By Darren McCammon
Arlington Asset Investments (AI) was the largest position in the Fifty Plus portfolio throughout 2013.The company is misunderstood, underfollowed and underpriced. People don’t understand the differences between it and your typical mortgage REIT.
First Arlington is a C corporation, so in taxable accounts its yield is taxed at the lower qualified tax rates, not higher mREIT marginal rates. Arlington chose to do this because it has a lot of tax loss carry-forwards from the financial crisis. Thus for someone in the 33% tax bracket, the 13.4% forward yield for AI is comparable to an mREIT paying 16%.
Second, Arlington is a C corporation so the yield doesn’t have to represent 90%+ of taxable income like other mREITs. The company's payout ratio is lower and thus its dividend better protected. This also allows it greater flexibility to reinvest profits. Third, AI’s agency MBS is partially hedged so increases in interest rates didn’t hurt it too much.
Fourth, AI's legacy non-agency assets are adjustable with short durations so increases in rates didn’t hurt them much either.
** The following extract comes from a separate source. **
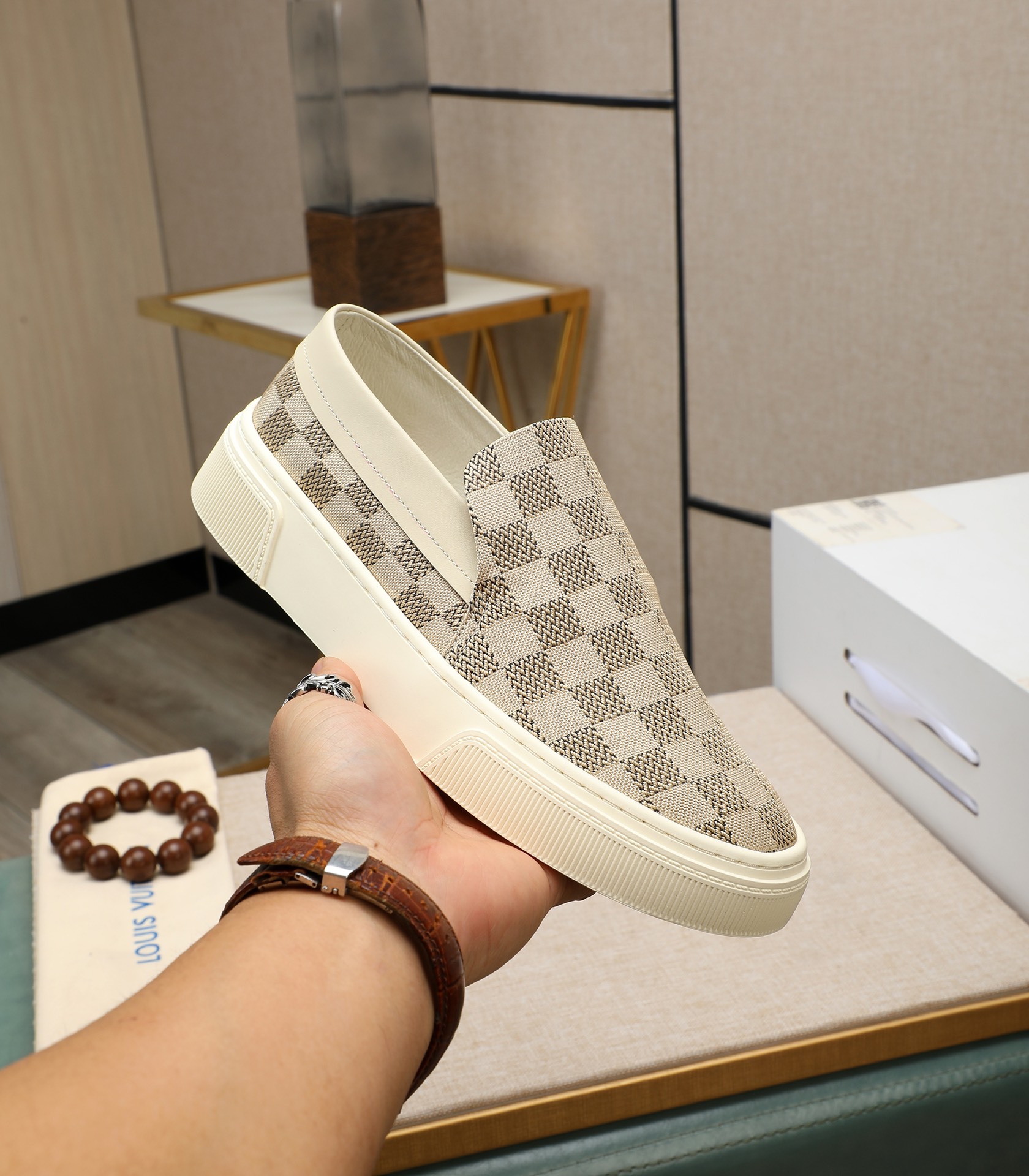 这款鞋子是AAAAA 1:1 质量 (非常棒). 使用了和原版一模一样的材料. 商标部分也保持了和路易威登/Louis Vuitton一样. 图片拍摄是实物鞋子拍摄, 您所收到的实物保证和我们图片一模一样.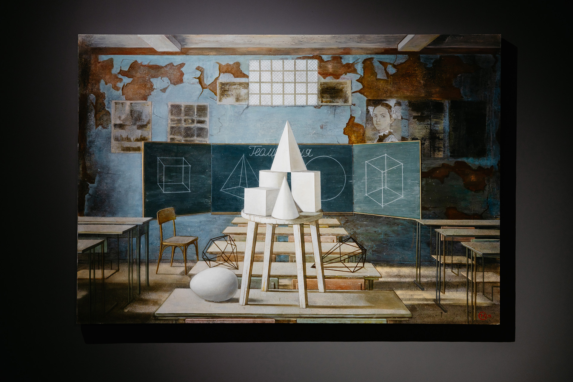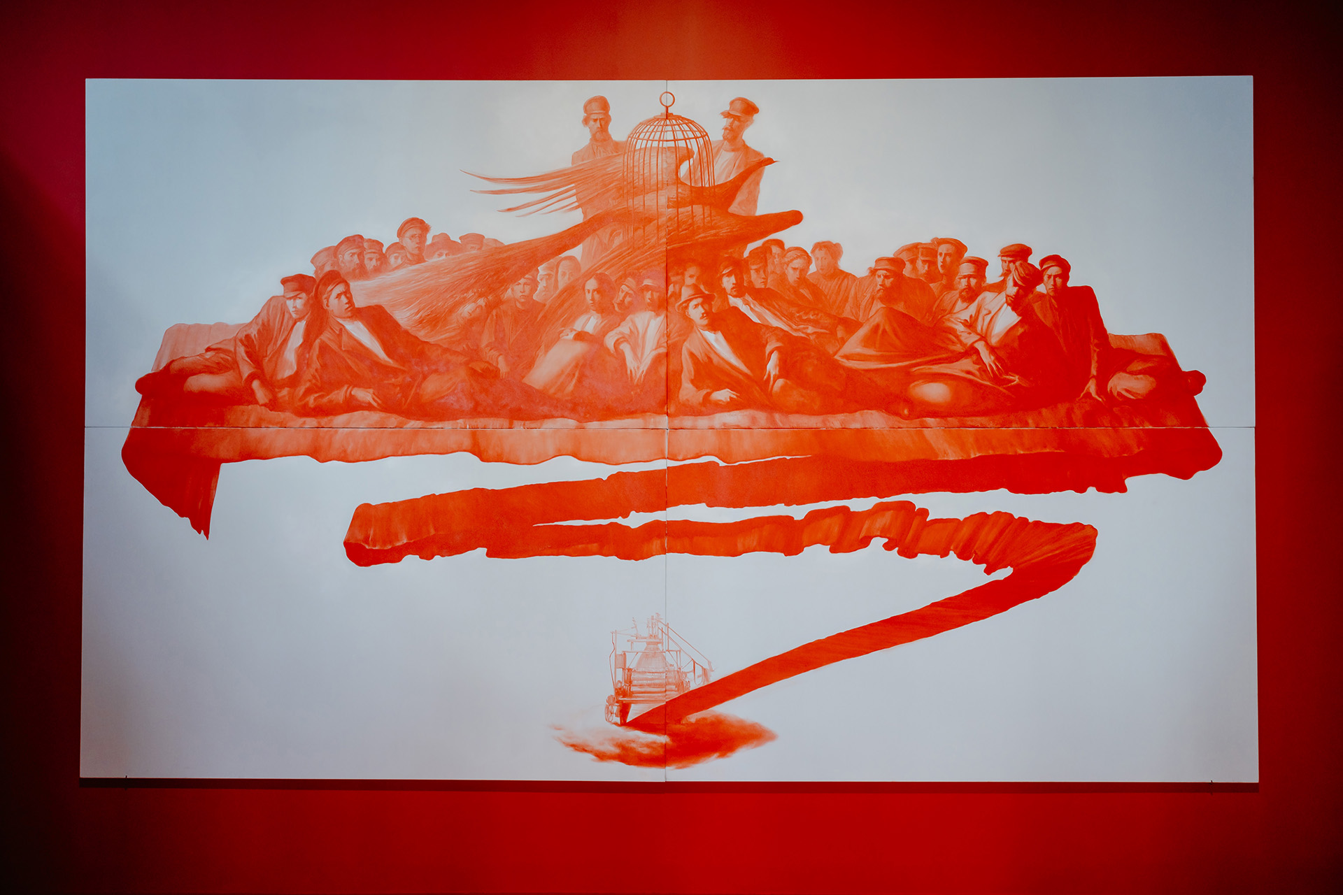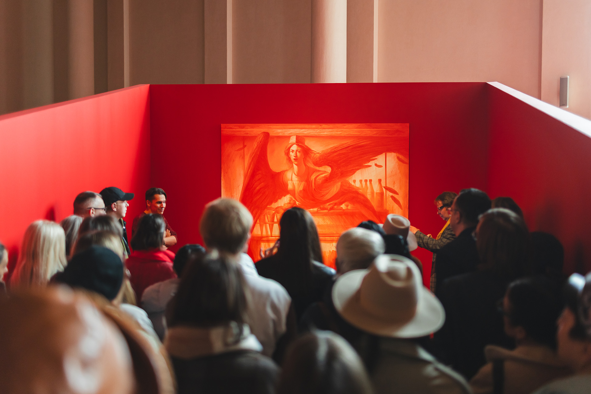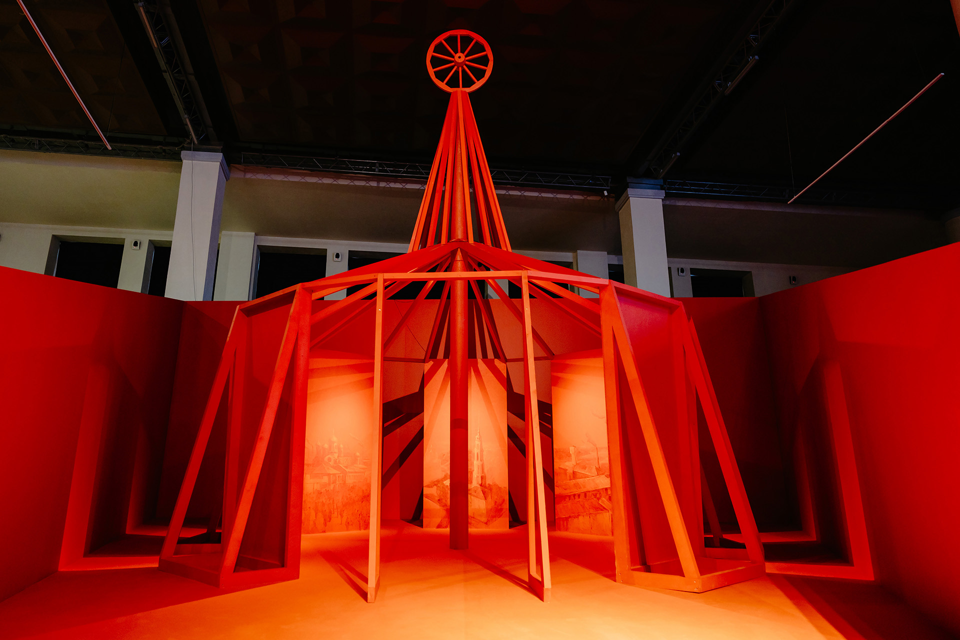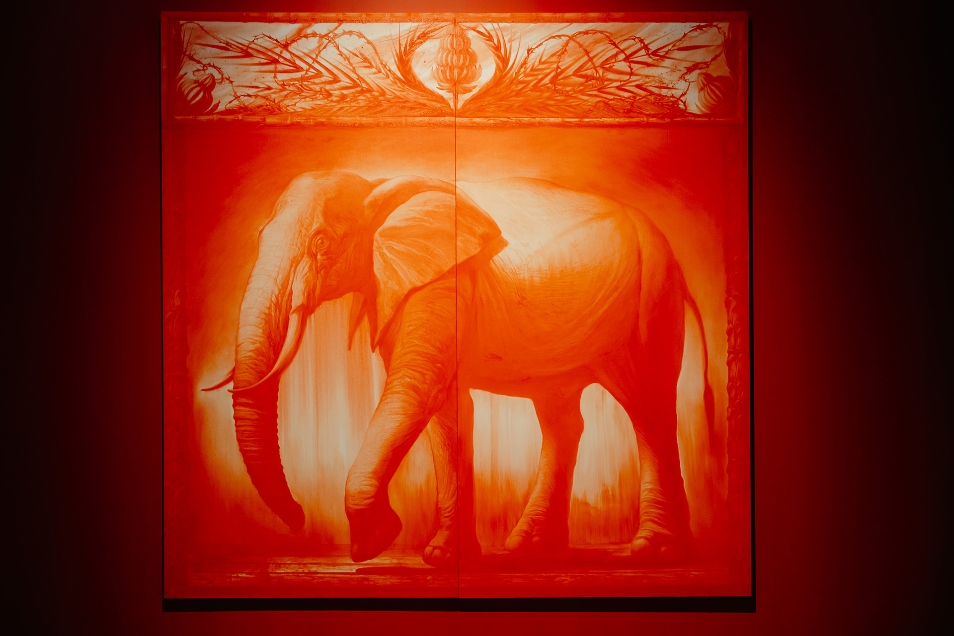 Гипнотизирует и выставка Егора Кошелева (куратор — Кирилл Светляков), встречающая и провожающая гостей в арт-пространстве железнодорожного вокзала. Сам по себе вокзал — примечательный памятник, самый крупный в России, построенный в эстетике конструктивизма, с его открытыми синим и красным залами, гипсовым декором, мозаикой, метлахской плиткой и монументальной росписью на стенах. Вдохновляясь этим пространством, Егор Кошелев создал своё колесо истории, раскрутив его маятник на активно-красном фоне. Архитекторомвыступило MISH studioиз Нижнего Новгорода. Обрамив работы Егора в интенсивно красный цвет, Михаил Маслов сделал их ещё более авангардными. Огромные полотнастоит увидеть как минимумдважды — в дневном и вечернем свете. Впрочем, слон, мерцающая восточная диковинка, лучше всего смотрится именно вечером.

Fifth those non-agency assets were held at a discount to par (currently held at 70% of par value).
As home prices improved, so too did the value of their discounted non-agency assets. Sixth, investors are starting to realize that the latest version of the Home Affordable Refinance Program (HARP) should be a net positive for Arlington. As people in their legacy MBS refinance, the 70¢ on the dollar should be counted as $1, in my opinion.
AGNC and ARR are better known real estate investment trusts which hold primarily agency mortgage backed securities guaranteed by Fannie Mae, Freddie Mac and other agencies. When the Chairman of the Federal Reserve, Ben Bernanke, first mentioned the Fed may start tapering its MBS and Treasury bond purchases in May, interest rates moved upward, causing the value of MBS to decline. Over the next few months these two companies dropped over 30% in value.
The Fifty Plus portfolio did not hold AGNC or ARR during this time. Where I went wrong is in buying them after their primary fall (AGNC in August and ARR in October) reasoning they were cheap and were in the process of stabilization As a matter of fact I wrote an article to that effect at the time.
Going forward, I continue to find the mREIT sector attractive and would probably have held the existing positions in AGNC and ARR despite losses. However, I decided to sell in December in order to harvest tax losses for the portfolio.
DISCLAIMER: The investments discussed are held in client accounts as of December 31, 2013. These investments may or may not be currently held in client accounts. The reader should not assume that any investments identified were or will be profitable or that any investment recommendations or investment decisions we make in the future will be profitable. Past performance is no guarantee of future results.